Это хуже пошлости. Вульгарность – это придхарджана. Это обыкновенная реакция на вселенную: как все – так и он. Это не пошлость. Человек, реагирующий как все, не может быть йогом. Более того, человек, реагирующий как один из всех, не может быть йогом. Он может реагировать только как он сам реагирует. Тогда он не придхарджана, тогда он ария. Вам известно это слово – «благородный». А вот придхарджана – он обороняется, он всегда хочет быть правым, уместным и – простите меня ради бога – понятным. И в этом смысле Бидия Дандарович, конечно, был йог.
Слушаю вас!
Александр Моисеевич, что означал буддизм в 60-е годы в Советском Союзе?
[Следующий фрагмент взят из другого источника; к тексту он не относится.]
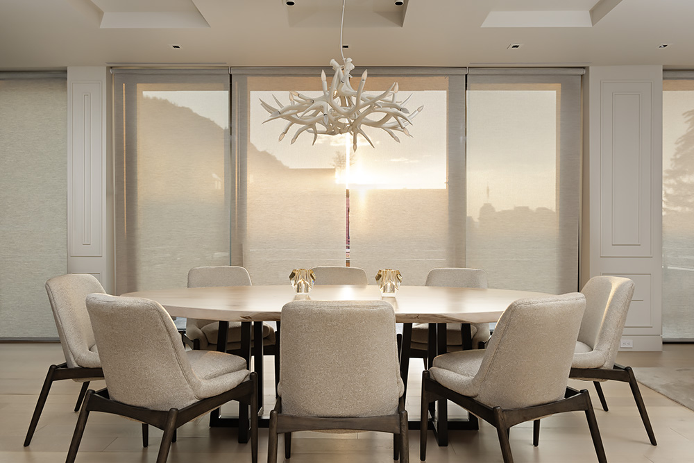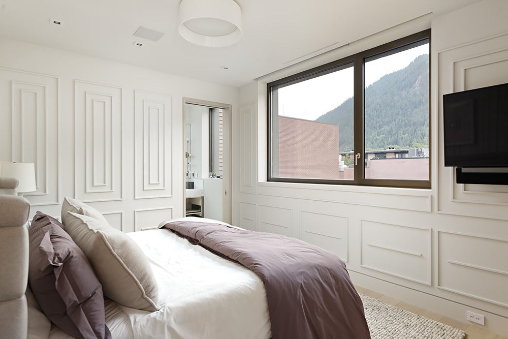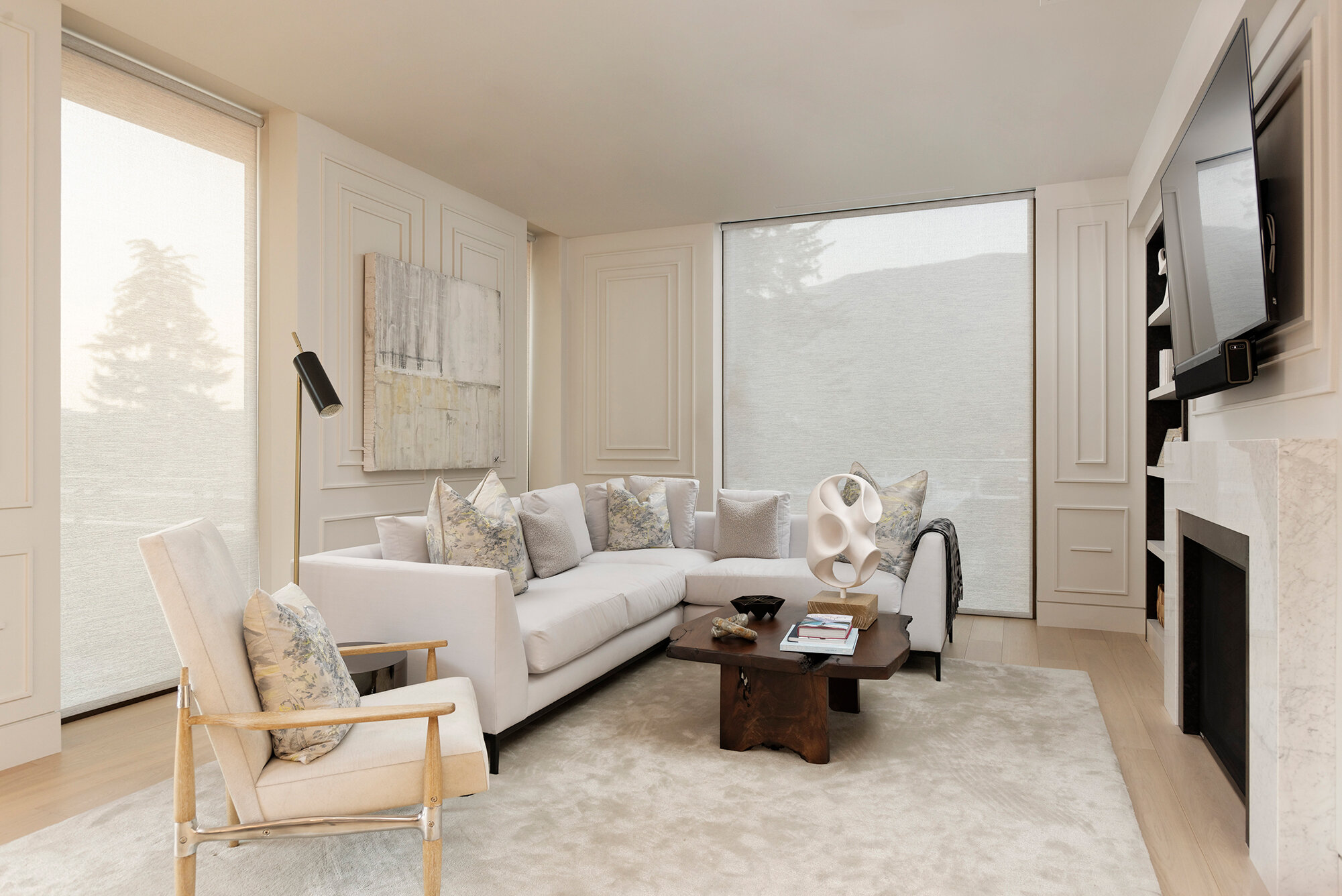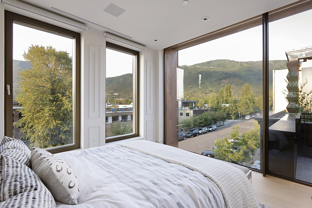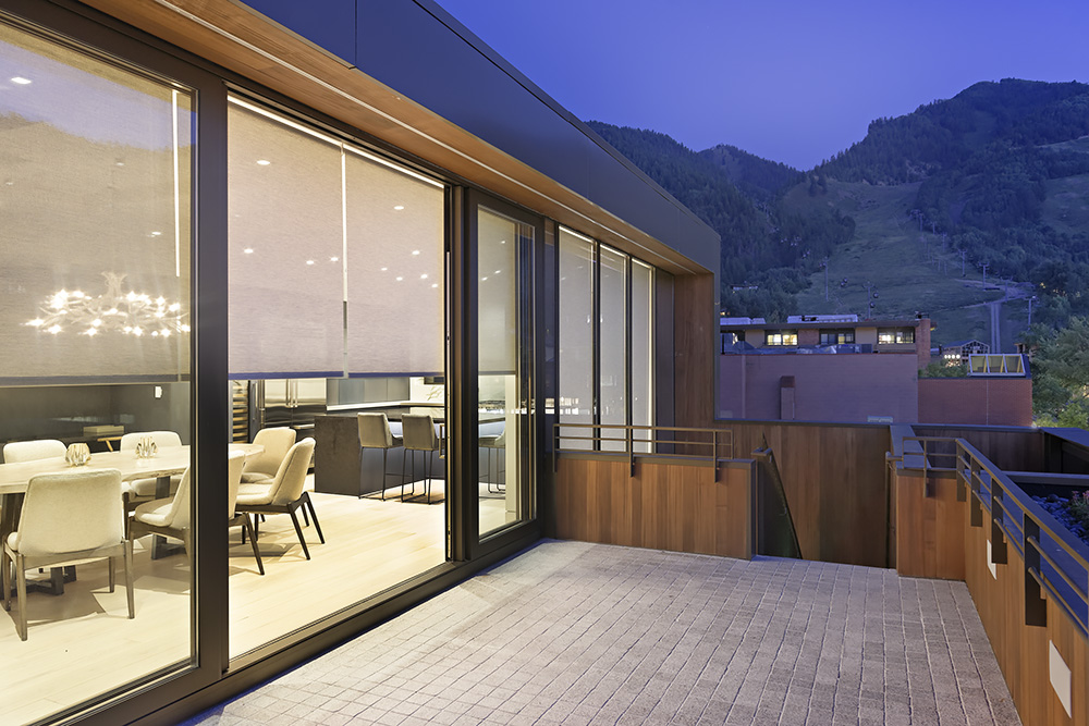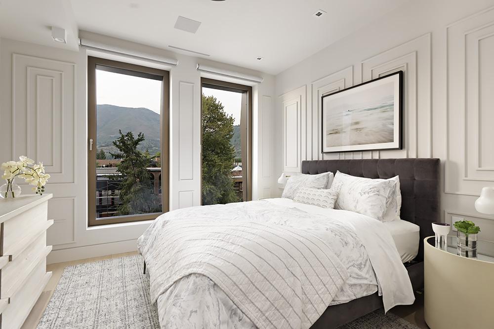 Floor-to-ceiling windows in the living room, kitchen, and master bedroom offer an abundance of natural light, but privacy was a concern given the street and sidewalk traffic below. Aspen Starwood’s design team opted for window shades by J Geiger to soften the space. A sheer shade fabric filters light without blocking the mountain view, and white mounting hardware virtually disappears amidst muted interior finishes.

Я думаю, что тогда появилась действительно очень сильная тяга к экзотичности, и слово «экзотичность» я употребляю без усмешки. Действительно. И опять же, это не только эскапизм, о котором мы уже говорили. Тут было и что-то другое. И дело тут не в политике. Я думаю, что здесь была какая-то объективная, в смысле не зависящая от воли отдельных людей и от их желаний и чувствований усталость от образа жизни. Хотя образ жизни менялся – опять же, объективно, к лучшему, не будем валять дурака, n’est ce pas? И тем не менее всегда изменения в чем-то к лучшему резко ускоряют этого чего-то отрицание. Вы согласны с этим? То есть пока дам нету… Улдис, здесь дамы есть вокруг?
Похоже, нет.
Да. Так вот, пока главным способом обращения с вами является то, что вас, допустим, копытом по яйцам бьют (смеется), то у вас пропадает желание, допустим, служить в конной гвардии. (Смеется.)Вот так я когда-то Юрию Михайловичу пытался объяснить. Вот… А когда перестают это делать и, скажем, только изредка и по случаю каблуком там или носком сапога, то как-то вы приходите в себя и вам перестают нравиться даже вещи приятные – например, что вас по тому же месту могут и погладить. Оно у вас все равно ассоциируется с копытом.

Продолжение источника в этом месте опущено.